Pay inequality will impact on quality of education system

By piofficer, Tuesday, 5th September 2017 | 0 comments

The Teachers’ Union of Ireland (TUI) has warned that pay inequality is impacting on the ability of schools to attract teachers in certain subjects as there are more attractive options available in other employments.

TUI is recommending that its 17,000 members reject the proposed Public Service Stability Agreement 2018-2020 in a national ballot currently taking place. The union has expressed its disappointment that the proposals do not resolve the issue of pay inequality for those who started teaching or lecturing after 1st January 2011.

In a simultaneous ballot, the union is asking that members vote to engage in a campaign of industrial action to resolve key issues, in particular pay inequality.

Speaking today, TUI President Joanne Irwin said:

‘The campaign to eliminate pay discrimination against those appointed on or after 1st January 2011 remains of critical importance to TUI. Some progress has been made, but more needs to be done.’

‘While it offers modest pay increases, acceptance of the proposed Public Service Stability Agreement would further delay, until 2021 at the earliest, further progress in the elimination of pay discrimination. This is the primary reason that we are recommending that members reject it in the national ballot currently taking place.’

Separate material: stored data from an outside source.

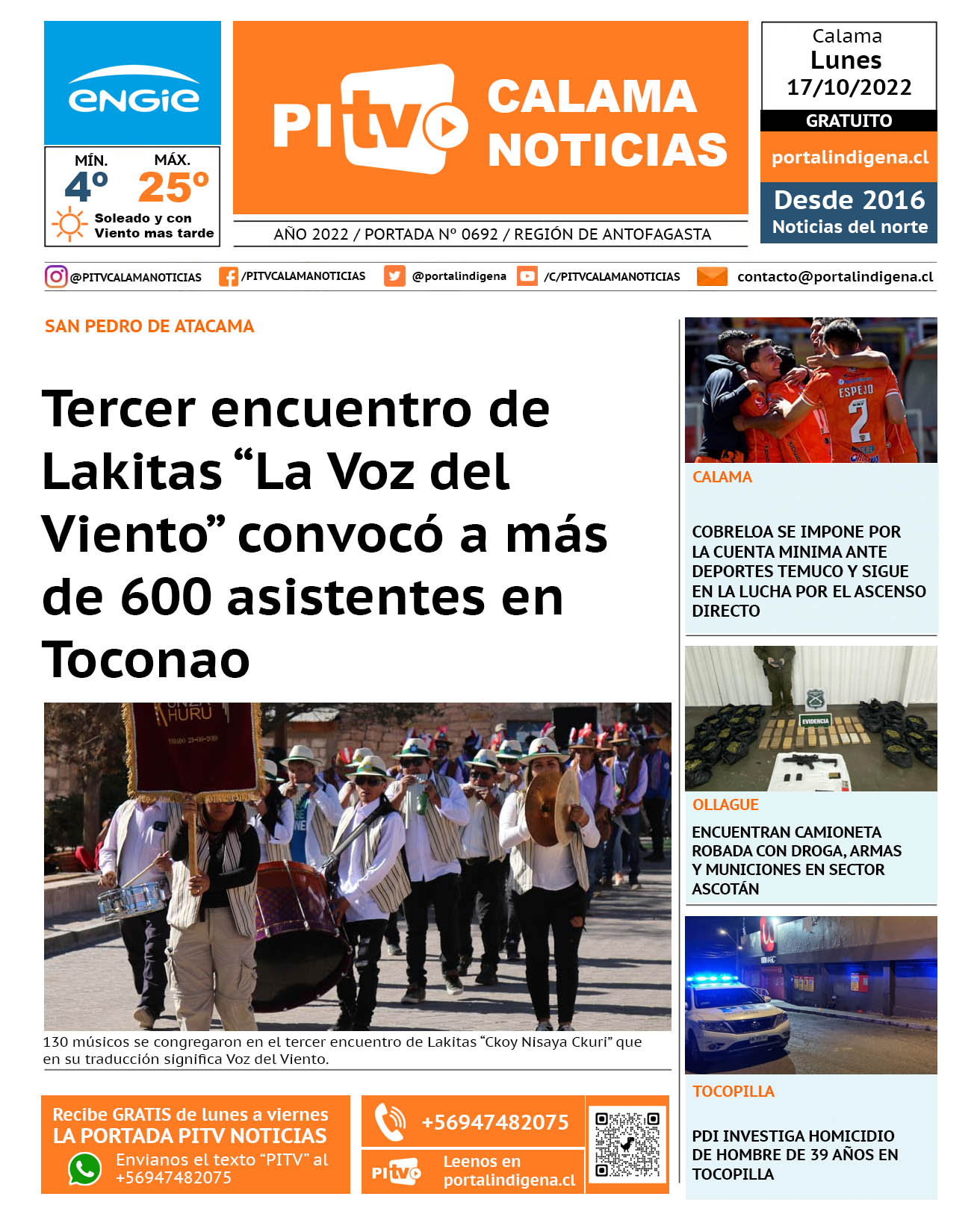 Noticias Portada Nº 692 Lunes 17 de Octubre de 2022 Por PITV Calama Noticias Lunes 17 Octubre 2022 | 07:27 Share FacebookTwitterWhatsApp VISITAS 91 Lo más leido Contraloría toma razón de Decreto que obliga a empresas de transporte vincular nombres de pasajeros con equipajes para combatir el “Narco Equipaje” 10 de Julio de 2024 Bienes Nacionales notifica desalojo de inmuebles fiscales ubicados en sector Sur de la extensión Puerto Seco en Calama 9 de Octubre de 2024 Doctora venezolana se mantiene internada en estado crítico en Hospital de Calama: Fue encontrada muy mal herida al interior de su departamento 29 de Septiembre de 2025 Autorizan adelantar las vacaciones de invierno para establecimientos educacionales municipales de Calama 13 de Junio de 2024 PITV Calama Noticiashttps://www.pitvcalamanoticias.cl [ads7] Share FacebookTwitterWhatsApp Previous articlePDI INVESTIGA HOMICIDIO DE HOMBRE DE 39 AÑOS EN TOCOPILLANext articleNUEVO ROBO AFECTA A JARDIN INFANTIL NIDITO DE ANGELES EN CALAMA También puedes leer Absuelven a Cristian Insaurralde de segunda tarjeta amarilla que recibió contra Iquique 18 de Marzo de 2026 Cerco al narcotráfico permite incautación de 1.348 kilos de drogas en dos procedimientos 18 de Marzo de 2026 Investigan muerte de menor de 5 años en Antofagasta: hay una detenida 17 de Marzo de 2026 113 Lo Último Amplían detención de principal sospechosa de homicidio de menor en Antofagasta 18 de Marzo de 2026 Absuelven a Cristian Insaurralde de segunda tarjeta amarilla que recibió contra Iquique 18 de Marzo de 2026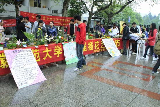 4月19日,生科协在赭山校区食堂前进行了艺术插花作品展示,过往师生纷纷驻足观赏,并对作品给予很高的评价。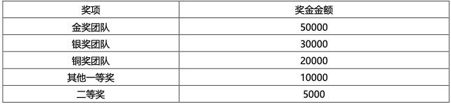 本屆大賽設置一等獎(含金獎、銀獎與銅獎團隊)、二等獎、三等獎。同時,還將評選優秀組織獎及優秀指導教師獎。獲獎隊伍由大賽組委會統一頒發榮譽證書及獎金。團隊獎項設置列表如下:

‘Already, this two-tier pay system is having severely negative effects. Pay discrimination undermines the morale of the profession, which leads to a churn of teachers and lecturers and a fractured service for students. We are aware of instances where there are few or no applicants for posts in certain subject areas such as Irish, Home Economics, Modern Languages and the Sciences. As a result, schools are experiencing difficulties in ensuring continuity of provision across these subject areas.’

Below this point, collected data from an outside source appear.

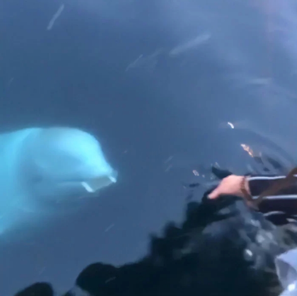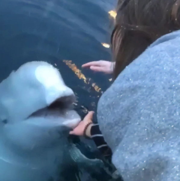 Suite à une virée plongeant dans l’océan, la jeune femme perdit son téléphone dans l’eau, car il avait glissé de ses poches. Peu de temps après un beluga est apparu à côté de son navire avec son portable dans la bouche.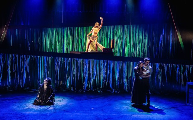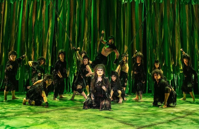 There is strong visual synergy between the work of set designer Jacob Battista and costume designer Bianca Pardo. Battista represents hanging vines with long strips of fabric while Pardo adorns the gorilla suits with strips of black fabric, which swing fabulously during dance sequences. Battista frames the stage with remnants of the shipwreck, working with skilful lighting designer Declan O’Neill to create varying locations and atmospheres as the sets of vines rise and fall.
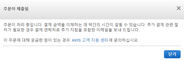 짜잔! 주문성공! 결제 프로세스가 없는걸 보니 이미 EC2 인스턴스 만들때 등록했던 카드로 승인이 따지는 형태인거 같다.
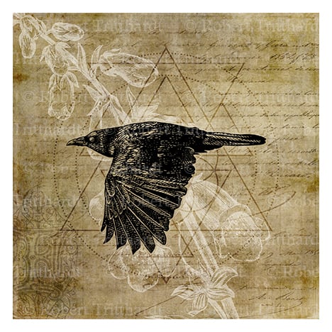 The Foxglove Crow Print predominantly features a beautiful Pen & Ink drawing of a Crow in Flight over a colorful background of Ephemera Elements including Sacred Geometry and the Foxglove Plant. It is perfect addition to any Witchy, Gothic, Apothecary, or Mystical Art Collection or Display.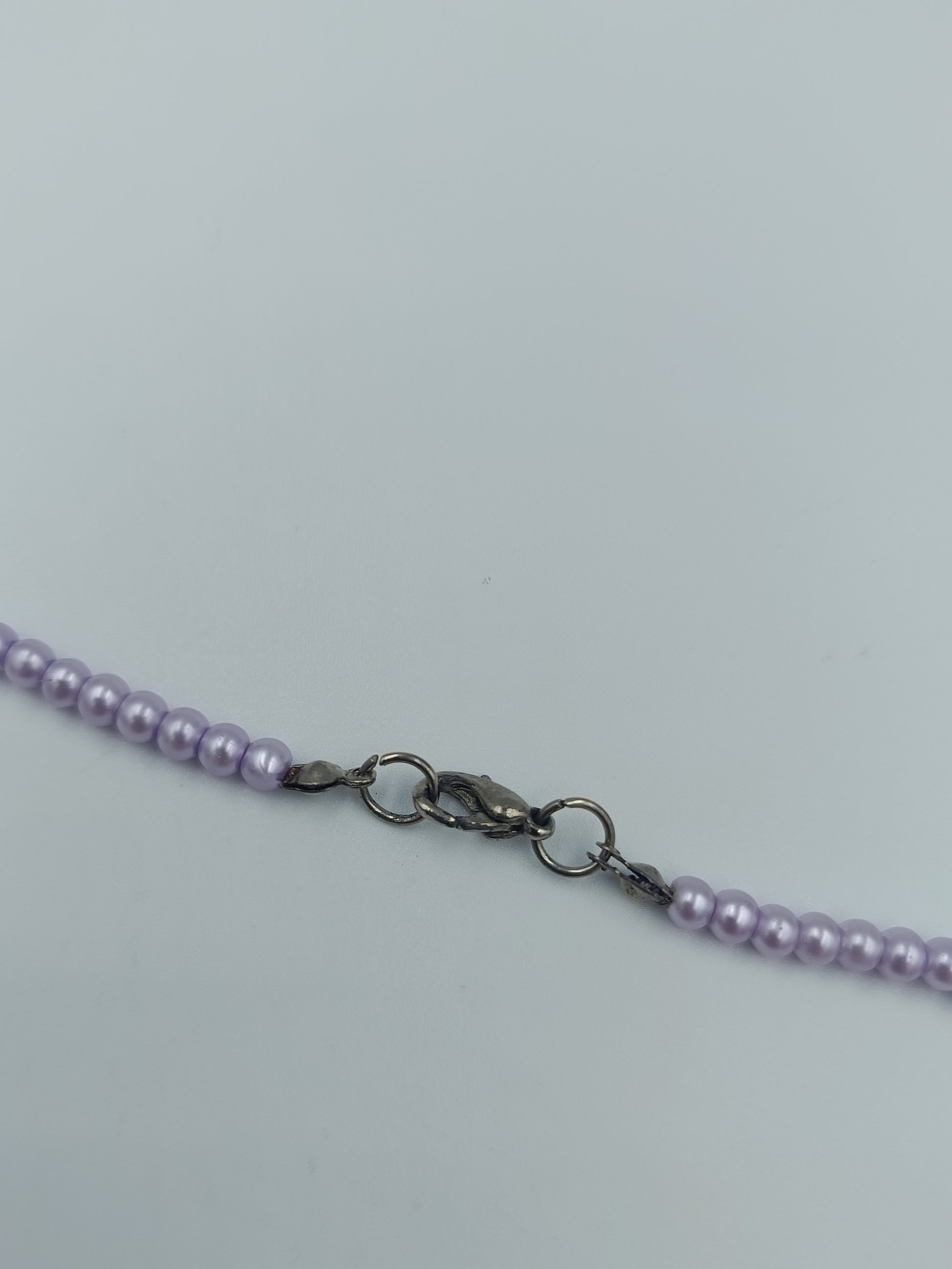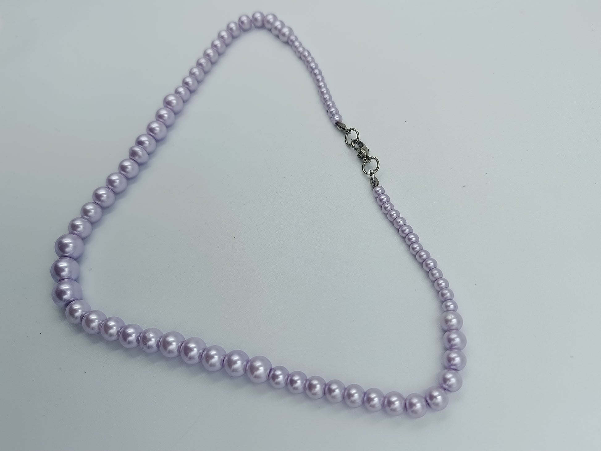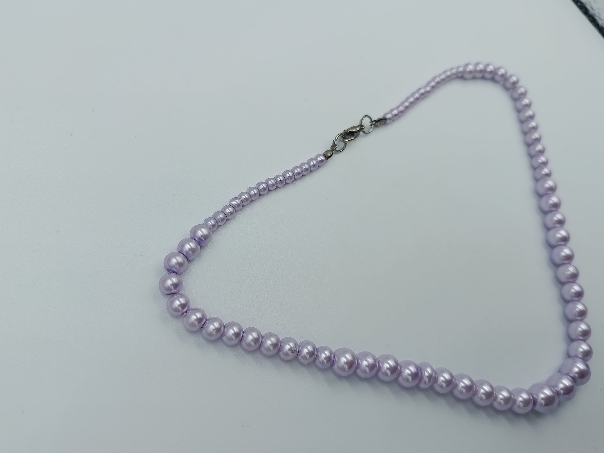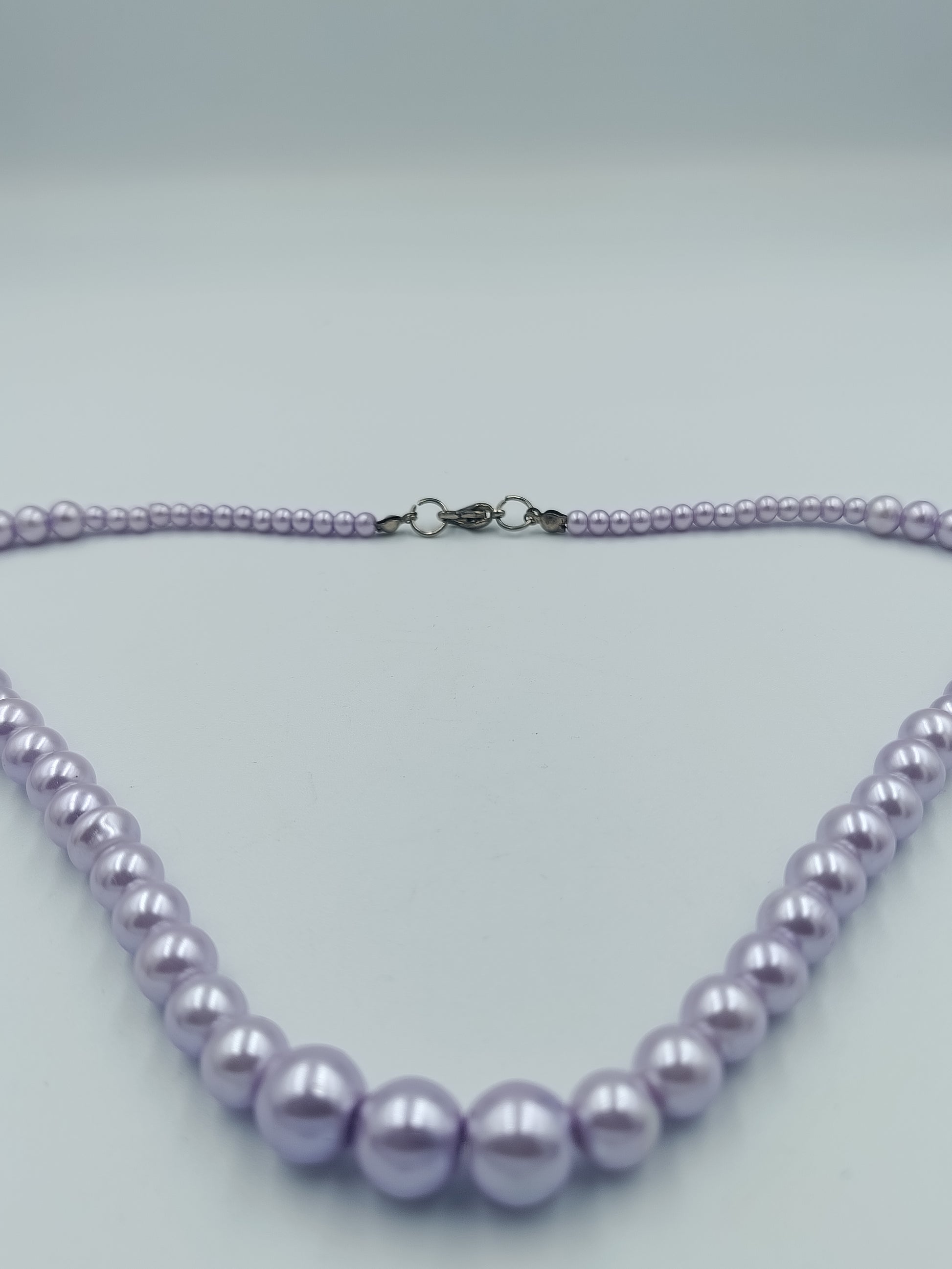 Elegante Halskette aus glänzenden, fliederfarbenen Perlenimitaten. Die sanfte Farbgebung verleiht der Kette eine feminine, romantische Note, die sowohl zu festlichen Anlässen als auch als dezenter Blickfang im Alltag getragen werden kann.

‘Many graduates, who may formerly have chosen teaching, are now choosing options where they can enter the workforce directly after their four-year degree - rather than undertaking the additional two-year Professional Master of Education (PME) required to teach at second-level in Ireland. These graduates commence their career earlier, often at higher starting salaries than are available to teachers.’

‘In addition, a significant number of graduates are choosing to take up teaching positions in other jurisdictions, particularly in the Middle East.’

‘In order to protect the attractiveness of teaching as profession and as a moral imperative, a fair and sustainable resolution of the issue of pay inequality must be accelerated. Therefore the TUI has no option but to recommend that our members reject the proposed Public Service Stability Agreement as one of its effects would be to prolong pay inequality.’